__PROMPT__. Reproduce the material below only from the line with "ÇÁ·Î±×·¥Àº 11¿ù±îÁö ¸Å¿ù" to the line with "По данным Ассоциации", both included, keeping each line exact and dropping the pictures.

__RECORD SET__.
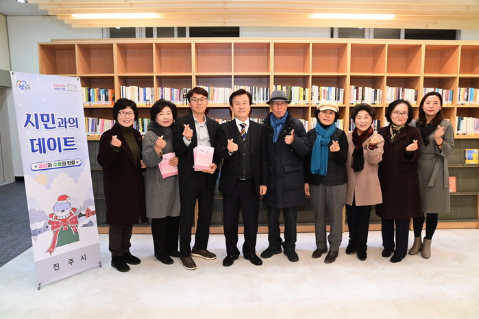 이날 데이트는 조규일 시장이 진주와 진주시민에 대한 진솔한 이야기를 수필로 그려낸 진주수필문학회 회원 10여 명과 함께 ‘시민이 참여하는 문화도시 진주’에 대한 의견을 나누는 자리로 마련됐다.
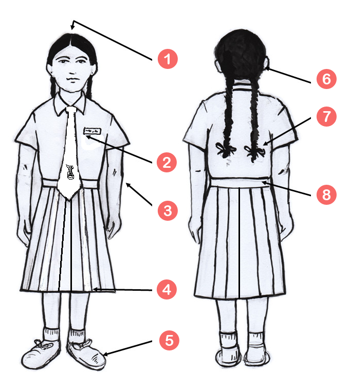 - පාසල් ලාංඡනය දකුණු කෙළවර සම්බන්ධ කර මසා තිබිය යුතුය.
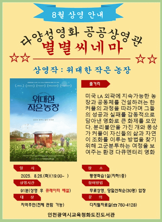 ÇÁ·Î±×·¥Àº 11¿ù±îÁö ¸Å¿ù ³Ý° ÁÖ È¿äÀÏ ¿ÀÈÄ 7½Ã, ȵµÁøµµ¼°ü Æò»ýÇнÀ 1½Ç¿¡¼ ÁøÇàµÇ¸ç, 8¿ù 26ÀÏ »ó¿µÀÛÀº Á¸ ü½ºÅÍ °¨µ¶ÀÇ ¡®À§´ëÇÑ ÀÛÀº ³óÀ塯ÀÌ´Ù.
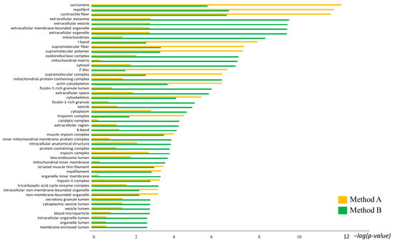 Histograms reporting the comparisons of GO localization terms of up-regulated proteins in extraction Methods A and B.
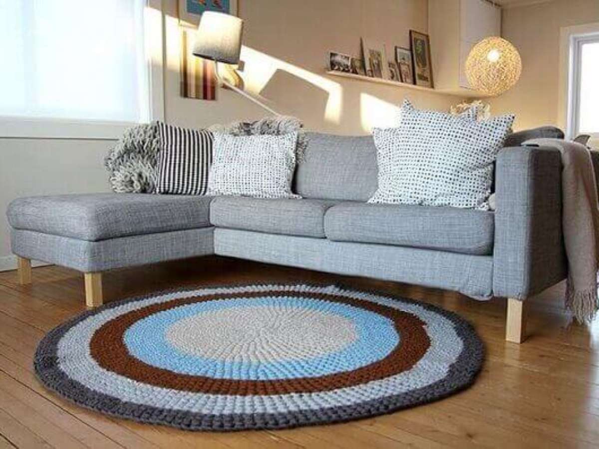 1- O tapete de crochê redondo em várias cores tem anel cinza combinando com a mesma cor do sofá. Fonte: 321Achei
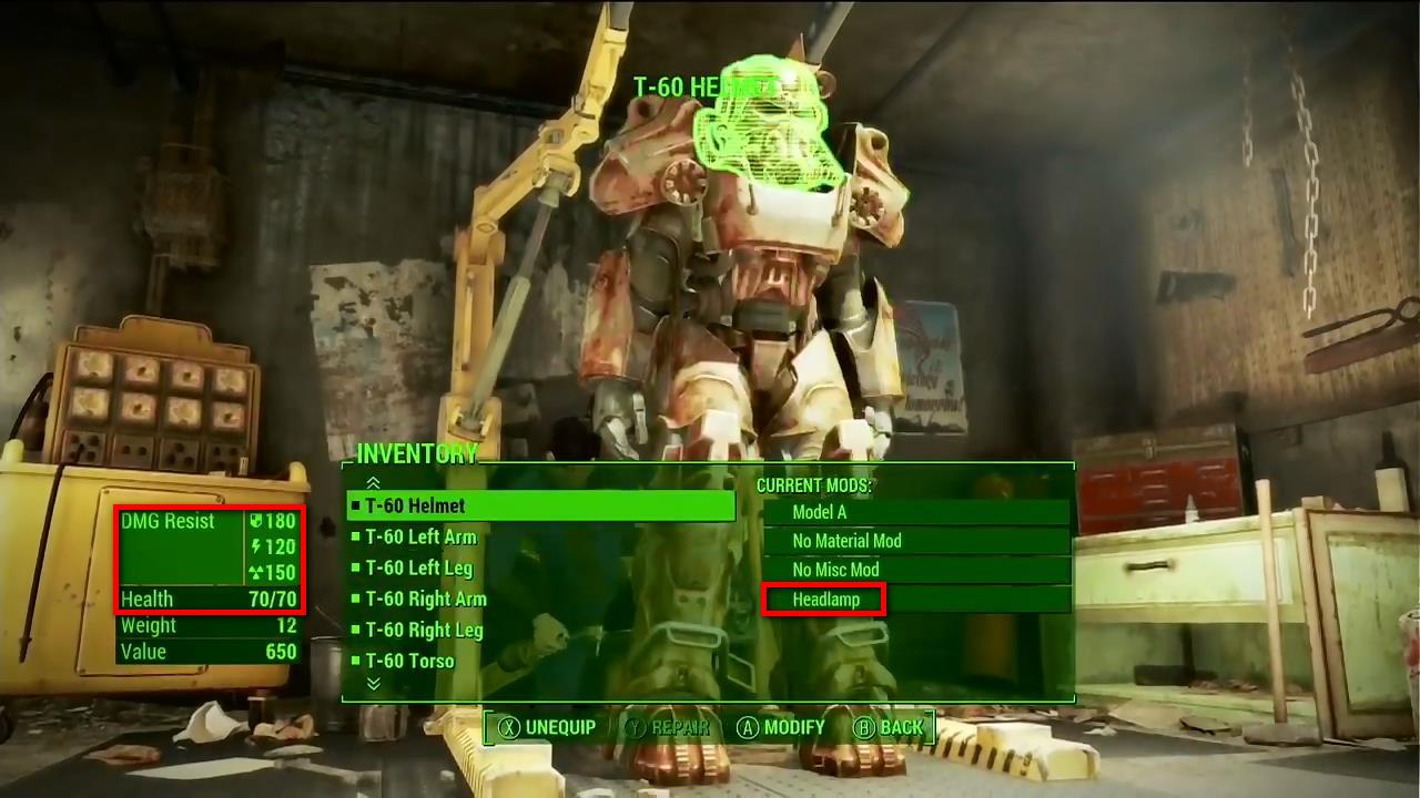 Силовая броня. У неё есть все три типа защиты и (единственный предмет из всех, который имеет этот параметр) прочность. На шлем устанавливается фонарь, однако есть вероятность, что будут и другие «примочки», вроде типа инфракрасного сканера, подобного тому, что игроки могли видеть в модах для Fallout 3. Судя по числам, указанным в многочисленных параметрах, от которых персонажа игрока будет защищать доспех, нас ждёт не процентная система из третьей части и не «порог урона» из New Vegas, а что-то совершенно новое. Слишком уж велики эти значения.
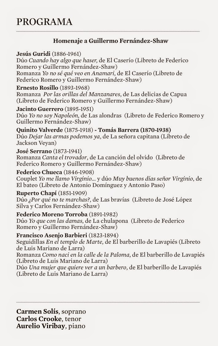 Sábado 16 de mayo, 12:00 horas. Fundación Juan March (Madrid): Los conciertos del sábado. Ciclo «Zarzuela cómica«: Homenaje a Guillermo Fernández-Shaw (1893-1965). Carmen Solís (soprano), Carlos Crooke (tenor cómico), Aurelio Viribay (piano). Entrada gratuita.
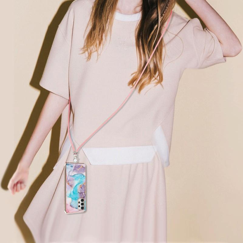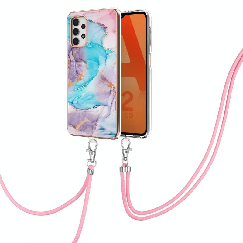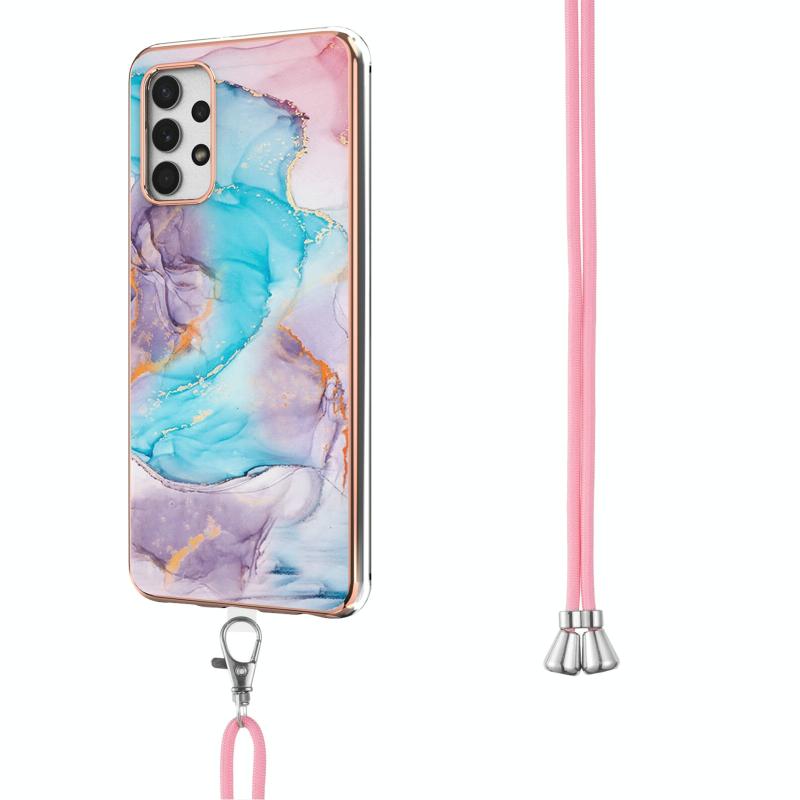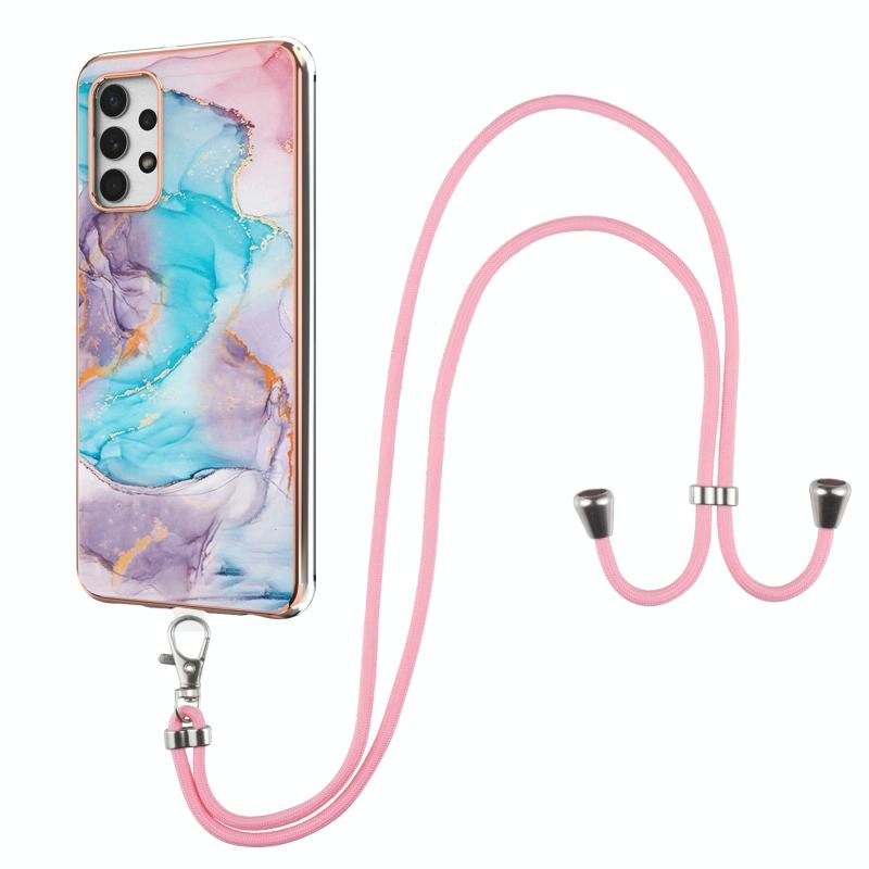 For Samsung Galaxy A32 5G Electroplating Pattern IMD TPU Shockproof Case with Neck Lanyard(Milky Way Blue Marble)
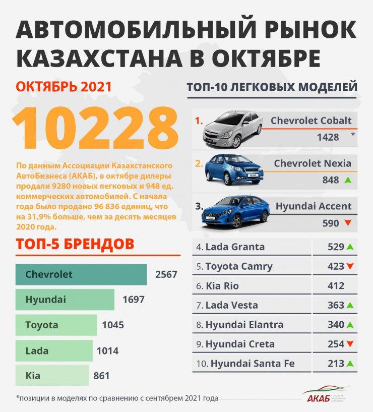 По данным Ассоциации казахстанского автобизнеса (АКАБ), в октябре 2021 года продажи новых автомобилей в Казахстане по сравнению с октябрем 2020 года увеличились на 3,64 процента - продано 9 280 новых легковых и 948 коммерческих автомобилей.
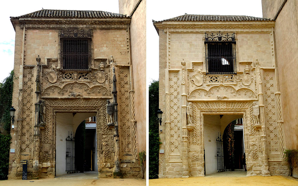 (Texto extraído de “Restauración de la Puerta de Marchena del Real Alcázar de Sevilla. Respeto a la Huella del Tiempo”. María Dolores Robador. Apuntes del Real Alcázar, número 15)
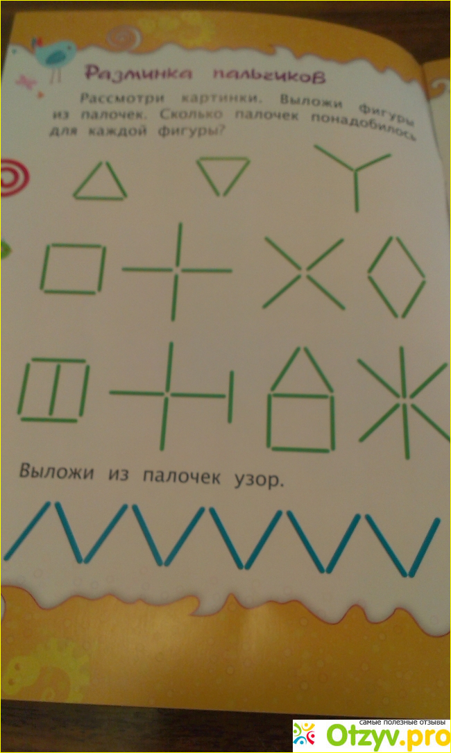 1) Задания с палочками: необходимо выложить фигуры из палочек по образцу.

__SOLUTION__.
 ÇÁ·Î±×·¥Àº 11¿ù±îÁö ¸Å¿ù ³Ý° ÁÖ È¿äÀÏ ¿ÀÈÄ 7½Ã, ȵµÁøµµ¼°ü Æò»ýÇнÀ 1½Ç¿¡¼ ÁøÇàµÇ¸ç, 8¿ù 26ÀÏ »ó¿µÀÛÀº Á¸ ü½ºÅÍ °¨µ¶ÀÇ ¡®À§´ëÇÑ ÀÛÀº ³óÀ塯ÀÌ´Ù.
 Histograms reporting the comparisons of GO localization terms of up-regulated proteins in extraction Methods A and B.
 1- O tapete de crochê redondo em várias cores tem anel cinza combinando com a mesma cor do sofá. Fonte: 321Achei
 Силовая броня. У неё есть все три типа защиты и (единственный предмет из всех, который имеет этот параметр) прочность. На шлем устанавливается фонарь, однако есть вероятность, что будут и другие «примочки», вроде типа инфракрасного сканера, подобного тому, что игроки могли видеть в модах для Fallout 3. Судя по числам, указанным в многочисленных параметрах, от которых персонажа игрока будет защищать доспех, нас ждёт не процентная система из третьей части и не «порог урона» из New Vegas, а что-то совершенно новое. Слишком уж велики эти значения.
 Sábado 16 de mayo, 12:00 horas. Fundación Juan March (Madrid): Los conciertos del sábado. Ciclo «Zarzuela cómica«: Homenaje a Guillermo Fernández-Shaw (1893-1965). Carmen Solís (soprano), Carlos Crooke (tenor cómico), Aurelio Viribay (piano). Entrada gratuita.
 For Samsung Galaxy A32 5G Electroplating Pattern IMD TPU Shockproof Case with Neck Lanyard(Milky Way Blue Marble)
 По данным Ассоциации казахстанского автобизнеса (АКАБ), в октябре 2021 года продажи новых автомобилей в Казахстане по сравнению с октябрем 2020 года увеличились на 3,64 процента - продано 9 280 новых легковых и 948 коммерческих автомобилей.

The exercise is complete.